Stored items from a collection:
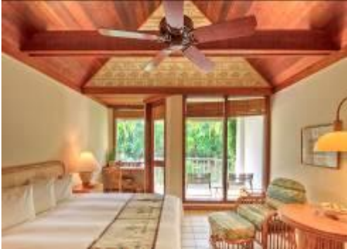
【園景房 Deluxe Garden View】

特別贈送： 住宿三晚以上者，免費提供房間內 Mini Bar 二瓶啤酒、二瓶汽水、二瓶水。
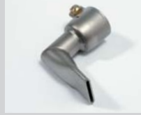
Angled nozzle 20 mm, 90° angled Article No: 105.556
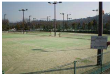
テニスコート テニスコート・照明 (倉敷スポーツ公園)
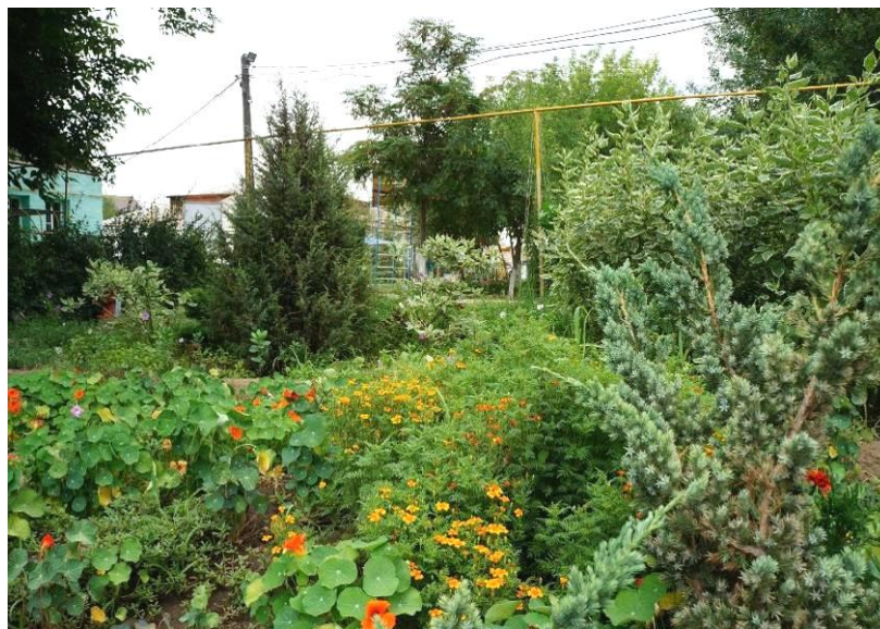
Рисунок 3 – Композиция посадки растений.

Такой принцип помог нам начать не с нуля, способствовал быстрой работе, за счет чего нами за короткий период был сформирован участок из густого букета цветов.
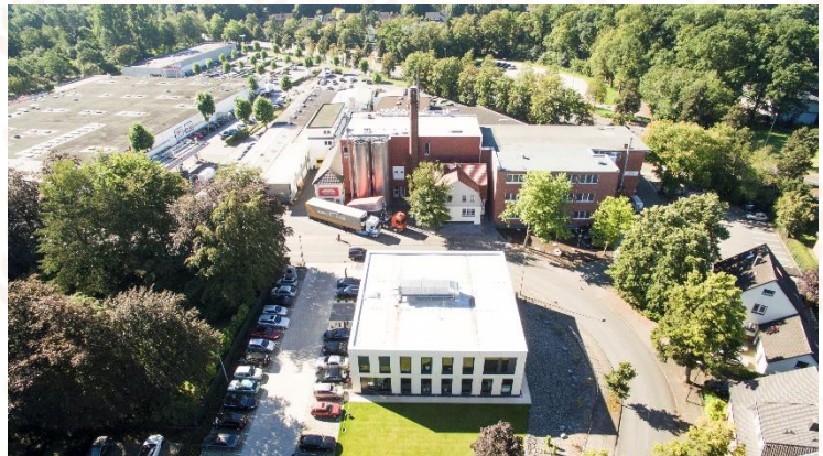
Vogelperspektive der Mestemacher GmbH in Gütersloh.

Die Gütersloher Mestemacher-Gruppe ist ein in über 87 Ländern vertretener Anbieter von Vollkornbrot und internationalen Brotspezialitäten. Das Unternehmen wurde 1871 als Stadtbäckerei gegründet. Heute umfasst die Mestemacher-Gruppe vier Betriebe und beschäftigt 667 Mitarbeiterinnen und Mitarbeiter. Der Netto-Umsatz im Jahr 2021 betrug 152,00 Millionen Euro. Seit 1994 engagiert sich die Mestemacher GmbH für die Förderung der Gleichstellung von Frau und Mann und die Vereinbarkeit von Beruf und Familie.
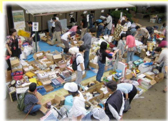
毎年開催する大バザーは地域交流の場
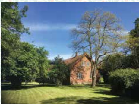
Vestenskov sognegård i dag

dog således at det nye menighedsråd skulle beslutte sig for, hvilket af forslagene der skal realiseres. Disse tre forslag er nu overladt til det nye menighedsråd, der blev valgt med udgangen af 2022.
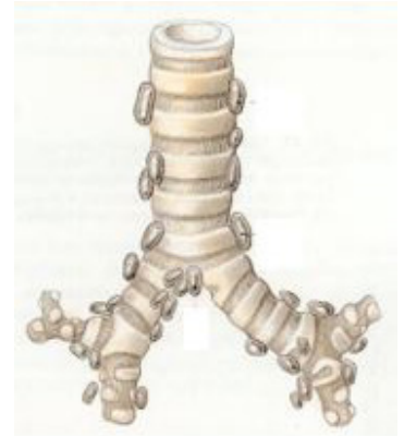
Représentation schématique de la trachée et des ganglions

Le médiastin est une région anatomique située dans la partie médiane du thorax, entre les deux poumons. Cette région comprend le cœur, de nombreux vaisseaux, des organes vitaux comme la trachée ou l'œsophage, et des ganglions lymphatiques.
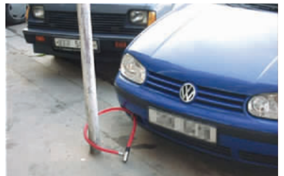
好车配好锁,好马配好鞍
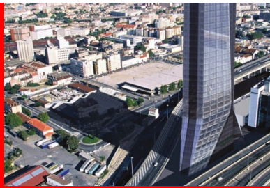
Tour CMA-CGM, Marseille. L'évacuation des immeubles de grande hauteur (IGH) est une opération longue et complexe qui nécessite tout le soutien structurel que peuvent apporter les qualités de résistance au feu du matériau béton.

Dans un bâtiment, la résistance et la stabilité au feu des matériaux et des solutions constructives doivent être privilégiées afin de faciliter l'évacuation des occupants et l'intervention des équipes de secours.
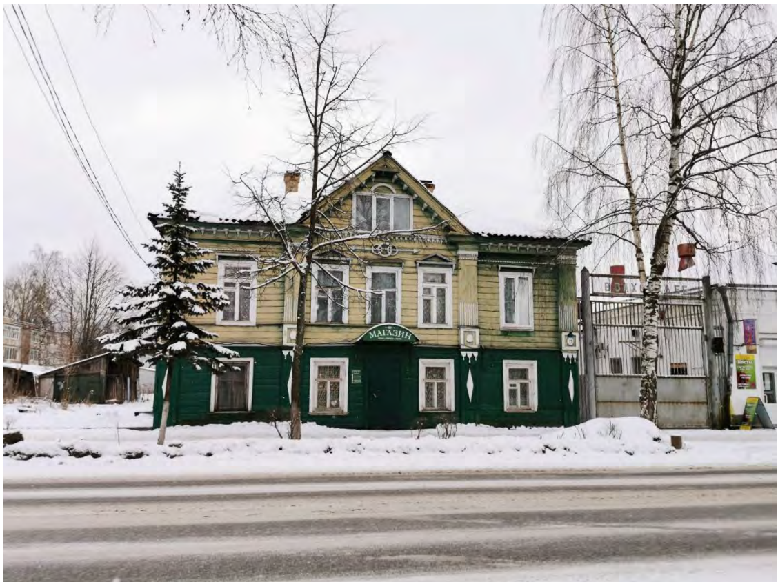
8. Лицевой фасад здания «Жилой дом, б. дом купцов Кулагиных, XIX в.» пр. Карла Маркса, д. 15. Направление съемки юго-восток.
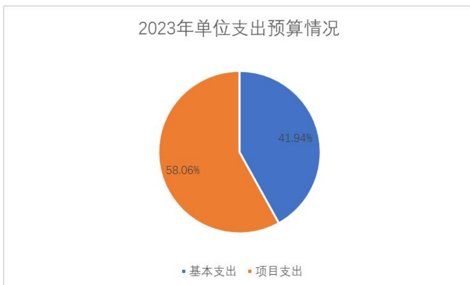
图 2 2023 年单位支出预算情况

青海大学畜牧兽医科学院 2023 年支出预算 11454.82 万元，其中：基本支出 4,804.63 万元，占 41.94%；项目支出 6650.19 万元，占 58.06%；上缴上级支出 0.00 万元，占 0.00%；事业单位经营支出 0.00 万元，占 0.00%；对附属单位补助支出 0.00 万元，占 0.00%。
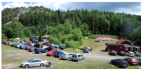
Nytt deltagarekord på Dvardsalträffen 2008 i Åby.
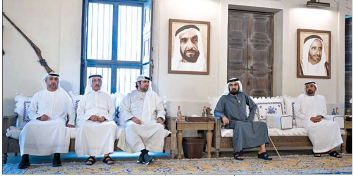
محمد بن راشد خلال لقائه جمعاً من أعيان البلاد ورجال الأعمال والمستثمرين، والوزراء وكبار المسؤولين

الإمارات تعرب عن قلقها البالغ إزاء خطر المجاعة في السودان وترحب باجتماع مجلس الأمن •• أبو ظبي - وام: تعرب دولة الإمارات عن قلقها البالغ إزاء الأزمة الإنسانية المتفاقمة في السودان وانعدام الأمن الغذائي الشديد الذي يؤثر على أكثر من 25 مليون مواطن سوداني. كما تعرب عن قلقها الشديد عقب إعلان المجاعة في أجزاء من شمال دارفور، وخاصة في مخيم زمزم الذي يأوي أكثر من نصف مليون نازح، واحتمال حدوث مجاعة في مخيمي أبو شوك والسلام، والولايات السودانية التسع الأخرى التي يعيش سكانها في ظل مستويات جوع كارثية. وفي هذا الصدد، ترحب دولة الإمارات بالاجتماع الذي عقده مجلس الأمن أمس والذي ركز على الضرورة الملحة لمواجهة حالة المجاعة في السودان. (التفاصيل ص2) المستشفى الإماراتي الميداني يرفع ياطع وفداً من منظمة الصحة العالمية على جهوده لدعم القطاع الصحي بفترة •• رفح - وام: قام وفد من منظمة الصحة العالمية بزيارة للمستشفى الميداني الإماراتي برفح خلالها على الجهود الطبية والبيات التنسيق والتعاون وتبادل الخبرات المختلفة والاستفادة من الجهود المتواصلة في المجال الطبي الذي تقدمه الإمارات لدعم القطاع الصحي في غزة ضمن عملية الفارس الشهر 3. وأشاد وفد منظمة الصحة العالمية بدور دولة الإمارات العربية المتحدة الإنسانية البارز والمميز من خلال عملية الفارس الشهر 3. في المجال الطبي والعمل المتواصل في توفير الرعاية الصحية للجرحى والمصابين جراء الوضع الصعب في قطاع غزة ودور الكوادر الطبية الإماراتية في المستشفى لرفع المعاناة عن أهالي غزة. (التفاصيل ص3)
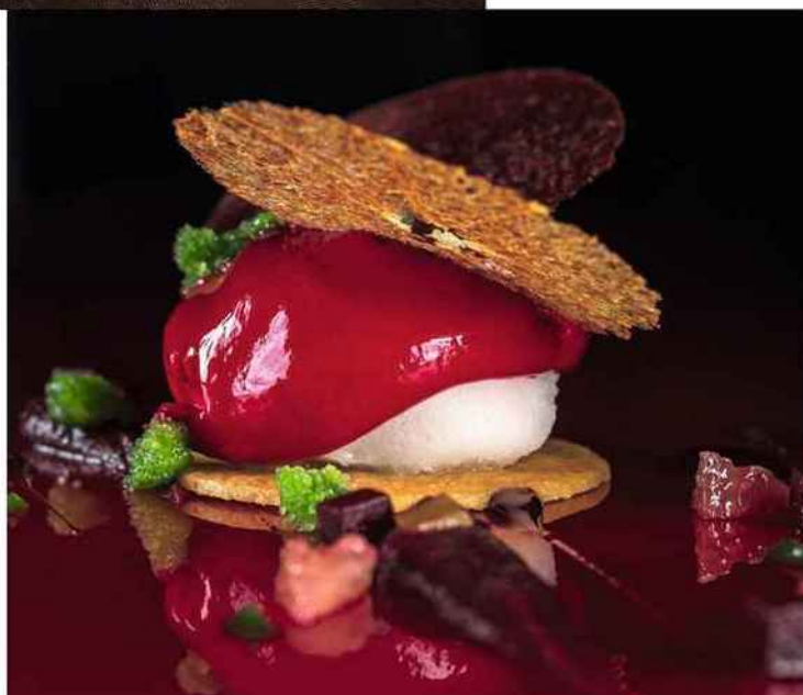
TABLE 100 % DESSERTS

Un menu composé exclusivement de plats sucrés, ou plus exactement de légumes et de fruits : il fallait y penser mais surtout avoir la virtuosité nécessaire pour faire défiler des sensations originales, savoureuses sans jamais être écœurantes. Le défi est relevé par le chef pâtissier Sébastien Vauxion , au Sarkara (« sucre » en sanscrit), deux étoiles Michelin, au sein de l'hôtel K2 Palace, à Courchevel. On commence par une entrée céleri-clémentine ou pamplemousse-betterave, puis un plat à base de pomme de terre ou d'oignon, pour terminer en apothéose par un citron et persil composé de crème aux zestes de citron, de sorbet citron-persil, de velouté de broccio corse et d'éclats de meringue. Une expérience étourdissante. Du mercredi au dimanche, de 13 h à 16 h.
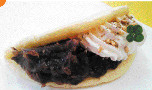
クローバードッグ ¥300 (税込)

犬山産の香り米の米粉を使ったパンケーキに、犬山産黒大豆のきな粉を使った黒蜜きな粉ドッグです!!
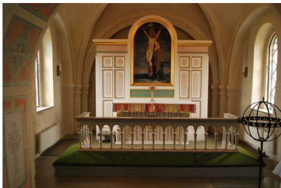
Altaruppsatsen i koret.
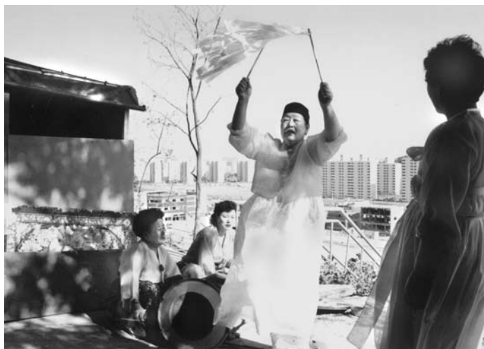
11. kép A háttérben Incheon új modern lakótelepei

Két nappal később, ugyanebben a szentélyben és ugyanannak a két sámánasszonynak a vezetésével egy szerencsehozó szertartáson vehettünk
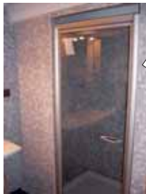
洗面・バス・トイレ等
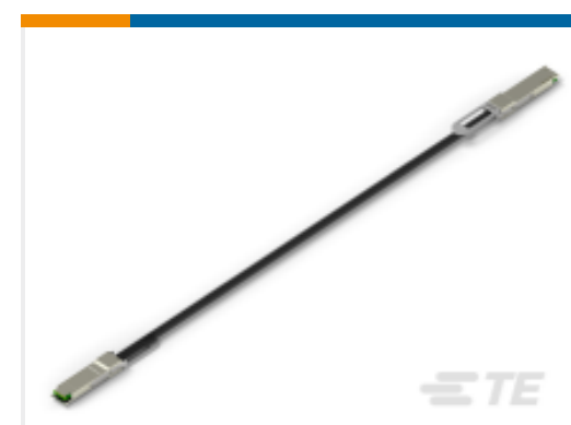
TE 系列/零件编号 2333393-3 QSFP 25GIG 30AWG 1 METER
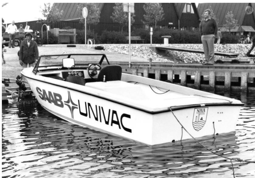
Vanskiklubbens første båd fra 1981
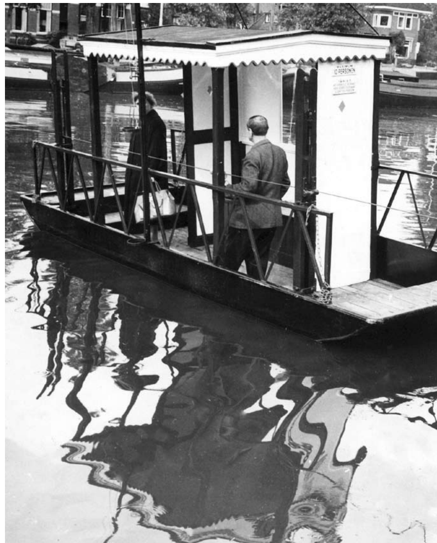
De bewoners van de Vosseparkwijk hebben jarenlang plezier gehad van het pontje over de Westersingel ter hoogte van de Harmonie. Het bootje werd aan een kabel met handkracht overgetrokken. De pontbaas vroeg twee cent voor elke overtocht. Kwam er een schip voorbij dan moest de kabel los om neergelaten te worden. De foto is uit 1955.
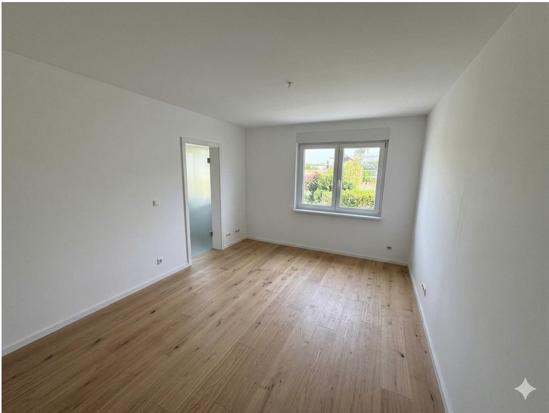
KI Beispiel Elternschlafzimmer

WHAT THE EXERCISE ASKS: All that is wanted is the lines above between the one containing "محمد بن راشد" and the one containing "TABLE 100 % DESSERTS", inclusive, restated word for word, with pictures omitted.

OUTPUT:
محمد بن راشد خلال لقائه جمعاً من أعيان البلاد ورجال الأعمال والمستثمرين، والوزراء وكبار المسؤولين

الإمارات تعرب عن قلقها البالغ إزاء خطر المجاعة في السودان وترحب باجتماع مجلس الأمن •• أبو ظبي - وام: تعرب دولة الإمارات عن قلقها البالغ إزاء الأزمة الإنسانية المتفاقمة في السودان وانعدام الأمن الغذائي الشديد الذي يؤثر على أكثر من 25 مليون مواطن سوداني. كما تعرب عن قلقها الشديد عقب إعلان المجاعة في أجزاء من شمال دارفور، وخاصة في مخيم زمزم الذي يأوي أكثر من نصف مليون نازح، واحتمال حدوث مجاعة في مخيمي أبو شوك والسلام، والولايات السودانية التسع الأخرى التي يعيش سكانها في ظل مستويات جوع كارثية. وفي هذا الصدد، ترحب دولة الإمارات بالاجتماع الذي عقده مجلس الأمن أمس والذي ركز على الضرورة الملحة لمواجهة حالة المجاعة في السودان. (التفاصيل ص2) المستشفى الإماراتي الميداني يرفع ياطع وفداً من منظمة الصحة العالمية على جهوده لدعم القطاع الصحي بفترة •• رفح - وام: قام وفد من منظمة الصحة العالمية بزيارة للمستشفى الميداني الإماراتي برفح خلالها على الجهود الطبية والبيات التنسيق والتعاون وتبادل الخبرات المختلفة والاستفادة من الجهود المتواصلة في المجال الطبي الذي تقدمه الإمارات لدعم القطاع الصحي في غزة ضمن عملية الفارس الشهر 3. وأشاد وفد منظمة الصحة العالمية بدور دولة الإمارات العربية المتحدة الإنسانية البارز والمميز من خلال عملية الفارس الشهر 3. في المجال الطبي والعمل المتواصل في توفير الرعاية الصحية للجرحى والمصابين جراء الوضع الصعب في قطاع غزة ودور الكوادر الطبية الإماراتية في المستشفى لرفع المعاناة عن أهالي غزة. (التفاصيل ص3)
TABLE 100 % DESSERTS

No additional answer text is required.